Reply
Mon 18 Dec, 2006 09:28 am
The EPA has been closing it's libraries down. The contents within have been either destroyed or stored in warehouses where there is no access. The Union of Concerned Scientists has a good deccription (loaded with links) of what is happening
HERE.
And yet, they tell us we live in a free country.
I predict the Bush administration is going to sponsor a huge bon fire before they all check out. This is just the beginning.
Jesus.
Now why am I not surprised?
Furthering the legacy of the Reagan administration, and one-upping him to boot.
Not suprised.
Disgusted, but not suprised.
Librarians of the world, UNITE! How bloody apalling...
The librarians I've known as friends are pretty strong people. Would they could unite. I'm sure at least some of them have. Me, I'm pretty interested in this outcome.
The Nazis didn't pussyfoot around. They knew what was bad and simply burned it.
'
http://tinyurl.com/vg8rz
I think the article states that the librarians did do something...... <sigh> I can't think with this cold.
all it is is the New World Order Setting up.
More about outrageously politicized mismanagement at the EPA:
Quote:EPA IN CRISIS
Tapped
February 27, 2008
I mentioned a few weeks ago that Barbara Boxer, Henry Waxman, and other congressional Democrats are challenging EPA administrator Stephen Johnson's decision to
deny California and 16 other states a waiver to allow them to set their own standards for carbon dioxide emissions from automobiles, and had subpoenaed internal EPA documents on the matter. Yesterday the Environment and Public Works Committee released some of
those documents, which show an EPA "in crisis," as Boxer put it in a press conference yesterday. As all accounts
already indicated, the memos reveal that Johnson rejected the advice of EPA staffers and caved to the Bush administration's ideological stance against meaningful action on climate change. An excerpt from the advice given to him by staff members from the EPA's Office of Transportation and Air Quality:
From what I have read and the people I have talked to, it is obvious to me that there is no legal or technical justification for denying this. The law is very specific about what you are allowed to consider, and even if you adopt the alternative interpretations that have been suggested by the automakers, you still wind up in the same place.

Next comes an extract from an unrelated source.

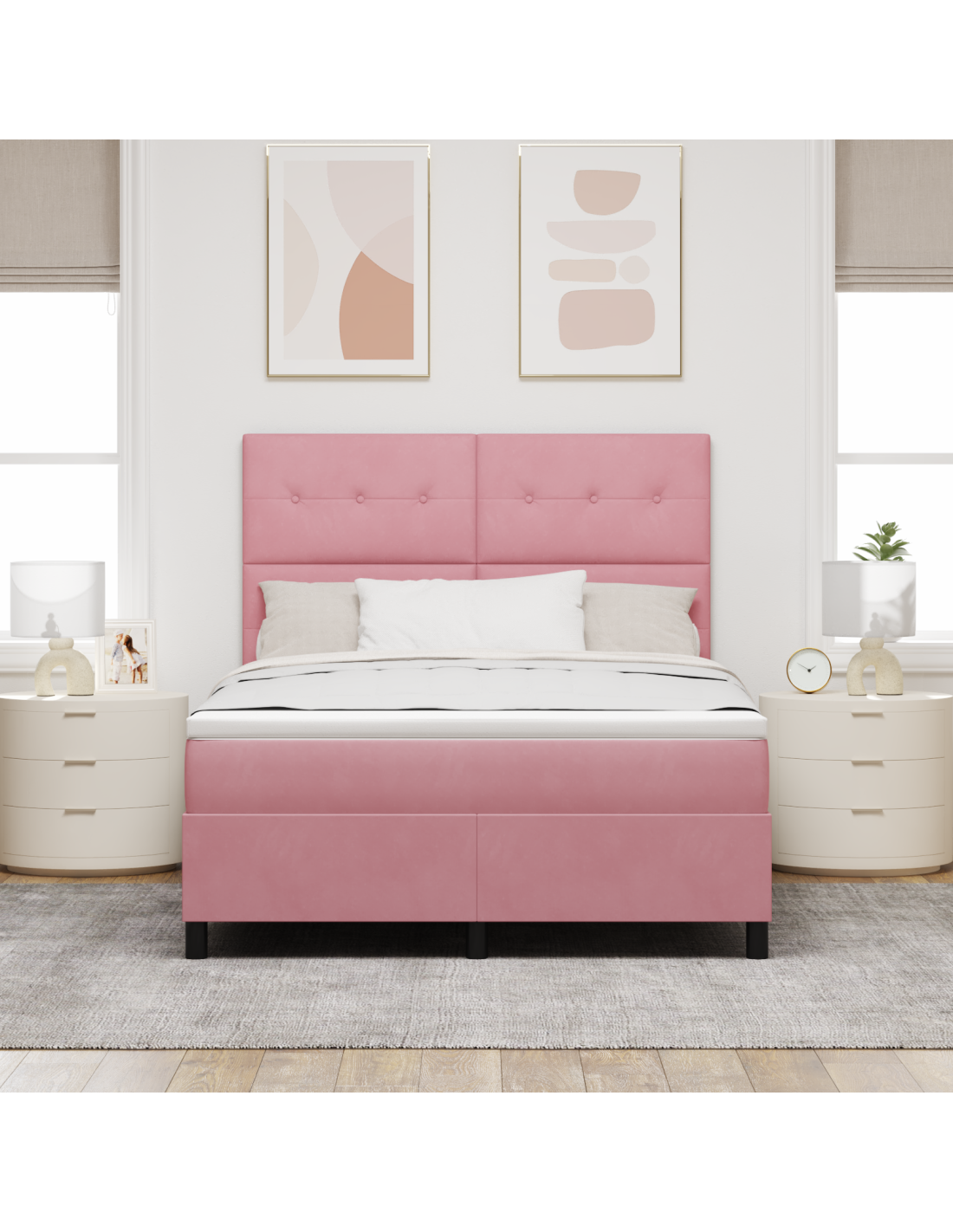 - Costruzione di qualità: Il letto è realizzato con tessuti di alta qualità e legno ingegnerizzato, offrendo stabilità e comfort. I materiali lavorano insieme per creare un luogo di riposo robusto e accogliente.

The internal memos also revealed that staffers warned him of the risks of denying the waiver: "If you are asked to deny this waiver, I fear the credibility of the agency that we both love will be irreparably damaged." If he did deny the waiver, his staff advised him that he may have to resign from his post. This is just the latest instance of Johnson ignoring his staff and science in general to appease the Bush administration; asked in a hearing last month whether he thought climate change was a major crisis,
Johnson retorted, "I don't know what you mean by major crisis."
His staffers were right on the California waiver; let's hope they're right about that resignation part. California is suing for the right to set tougher standards, and a Johnson-less EPA might make for an easier path for them and other states who want to take aggressive action on climate change.